Mujoco (1.50 for Windows) from https://www.roboti.us/index.html
PyTorch > 1.0
imageio-ffmpeg for recording videos of simulation
Run it from src
directory:
python main.py
for training with default parameters. Default algorithm is DDQN.
--algorithm {A3C,DDQN}
Algorithm to use.
--load_file LOAD_FILE
Custom filename from which to load models before rendering.
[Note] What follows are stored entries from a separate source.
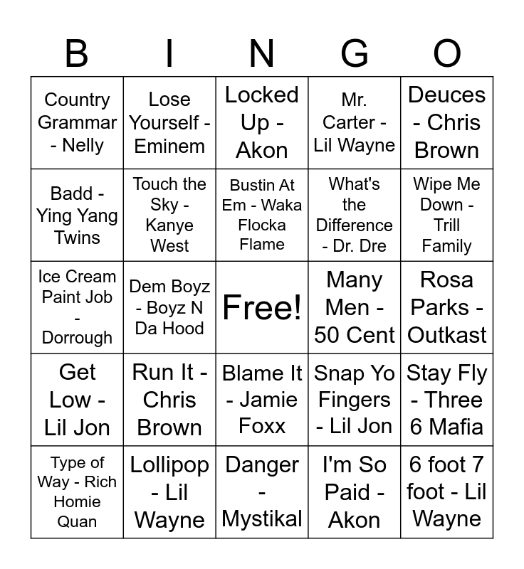 This bingo card has a free space and 44 words: Confessions pt 2 - Usher, 6 foot 7 foot - Lil Wayne, Excuse Me Miss - Jay Z, Type of Way - Rich Homie Quan, Bartender - T-Pain, I'm So Paid - Akon, Locked Up - Akon, Mirror - Lil Wayne, Deuces - Chris Brown, Lollipop - Lil Wayne, Mr. Carter - Lil Wayne, Many Men - 50 Cent, Blame It - Jamie Foxx, Run It - Chris Brown, No Love - Eminem, Danger - Mystikal, Bring Em Out - TI, Ice Cream Paint Job - Dorrough, Freek-a-Leek - Petey Pablo, Wipe Me Down - Trill Family, Lose Yourself - Eminem, We Takin Over - DJ Khaled, Ridin - Chamillionaire, Country Grammar - Nelly, Lemonade - Gucci Mane, Rosa Parks - Outkast, In Da Club - 50 Cent, Grillz - Nelly, Snap Yo Fingers - Lil Jon, Get Low - Lil Jon, No Lie - 2 Chainz, Stay Fly - Three 6 Mafia, Yeah! - Usher, Poppin Then Things - G-Unit, Dem Boyz - Boyz N Da Hood, Lean Back - Fat Joe, Put On - Young Jeezy, A Milli - Lil Wayne, Bustin At Em - Waka Flocka Flame, Badd - Ying Yang Twins, What's the Difference - Dr. Dre, Teach Me How to Dougie - Cali Swag District, Touch the Sky - Kanye West and Ride Wit Me - Nelly.
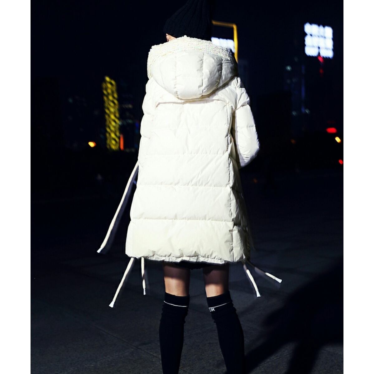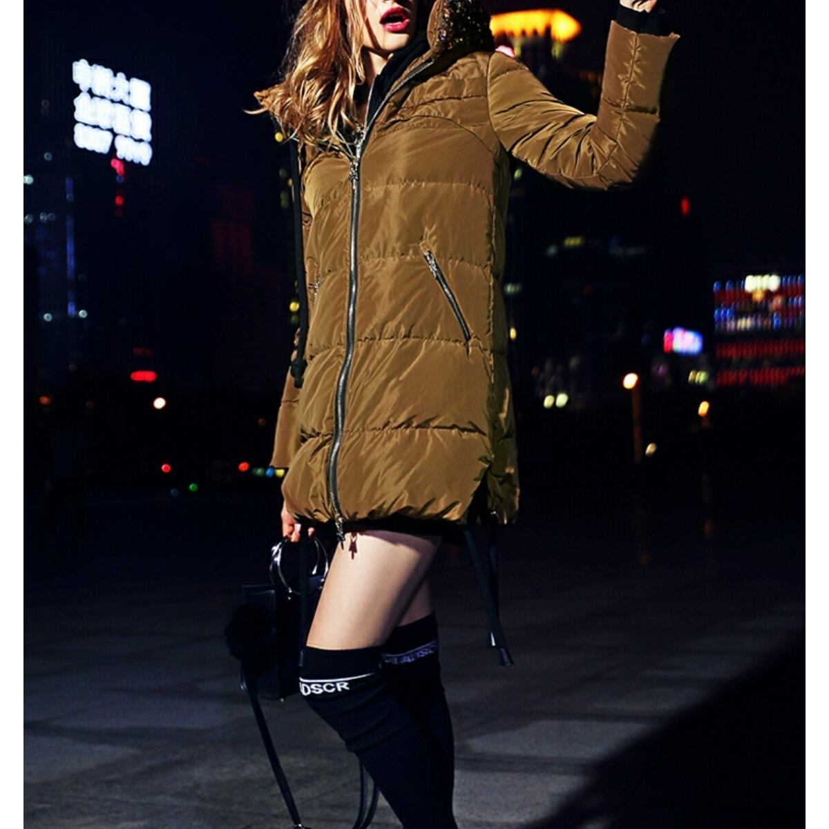 フードスパンコールがリュクスなさらっと着られるダウンコート
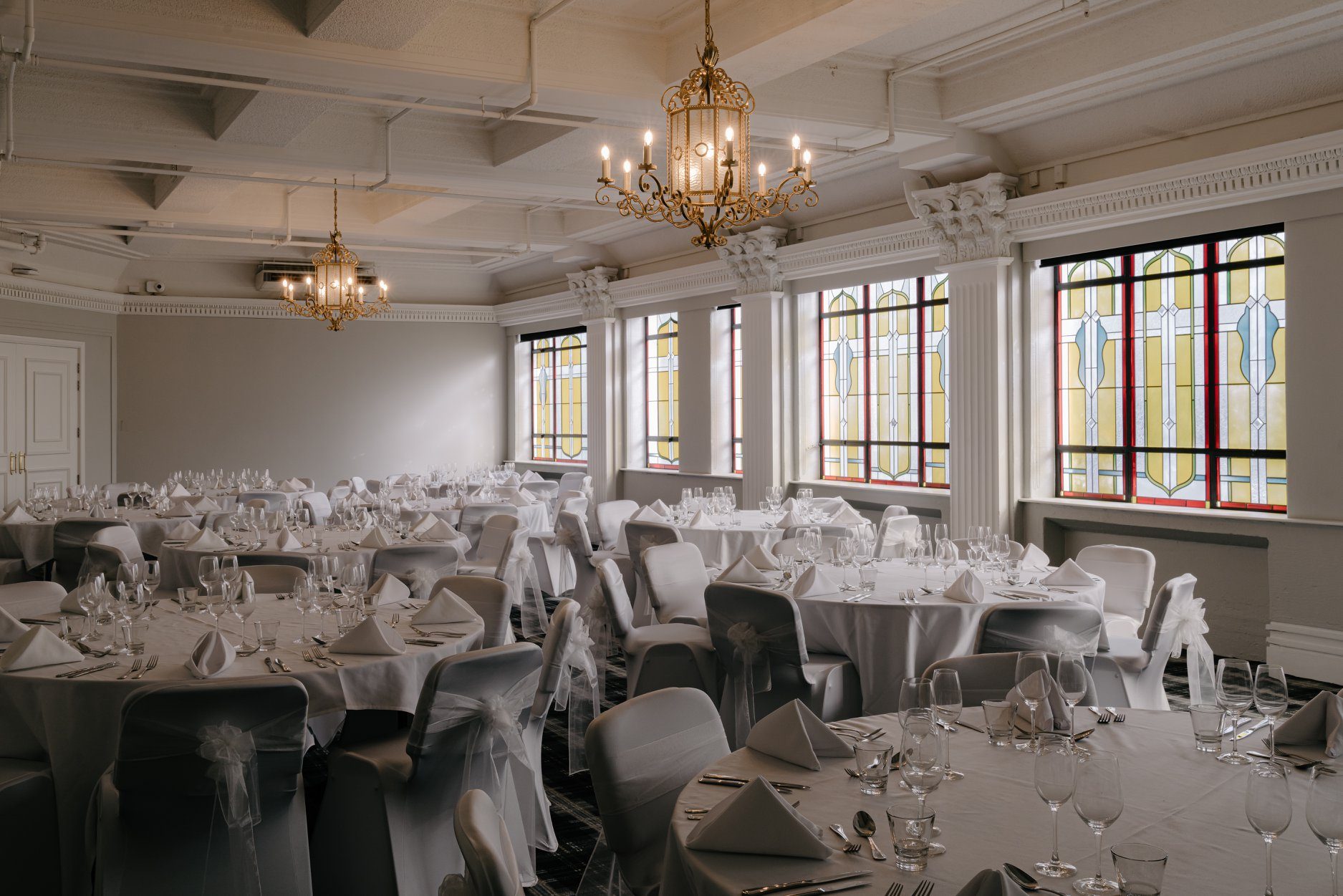 For couples in Dunedin, the Chancellor Room features breathtaking stained glass windows, making it a memorable venue for larger wedding receptions or ceremonies with up to 110 guests. The Chancellor Lounge, adjacent to the Chancellor Room, is perfect for a pre-wedding gathering or smaller events. The Bracken Room is ideal for intimate bridal parties or small pre-wedding celebrations, while the Godfrey Room provides an elegant space for intimate gatherings like private wedding meetings or small family events.

By default, trained models are saved to file <algorithm>--<episodes>-<threads>-<discount>-<step_max>-<actor_lr>-<critic_lr>
For example: A3C--1000000-5-0_99-5-0_001-0_001
--threads THREADS
Number of threads for A3C.
--episodes EPISODES
Number of episodes for training process.
--discount DISCOUNT
Discount rate.
--step_max STEP_MAX
Max actor's steps before update of global model in A3C.
--actor_lr ACTOR_LR
Actor's learning rate.
--critic_lr CRITIC_LR
Critic's learning rate.
--eval_repeats EVAL_REPEATS
Number of evaluation runs in one performance evaluation. Set to 0 to disable evaluation during training.
-no_log
Disable logging during training.
-render
Render environment. Before rendering, there must exist a model
saved in a file which name is generated based on parameters or explicitly provided.
--lr
Learning rate.
--min_episodes
We wait "min_episodes" many episodes in order to aggregate enough data before starting to train.
--eps
Probability to take a random action during training.
--eps_decay
After every episode "eps" is multiplied by "eps_decay" to reduces exploration over time.
--eps_min
Minimal value of "eps".
--update_step
After "update_step" many episodes the Q-Network is trained "update_repeats" many times with a batch of size "batch_size" from the memory.
--batch_size
See above.
--update_repeats
See above.
--seed
Random seed for reproducibility.
--max_memory_size
Size of the replay memory.
--measure_step
Every "measure_step" episode the performance is measured.
--measure_repeats
The amount of episodes played in to asses performance.
--hidden_dim
Hidden dimensions for the Q_network.
--horizon
Number of steps taken in the environment before terminating the episode (prevents very long episodes).
--render_step
See above.
--num_actions
Number of action space to discretize to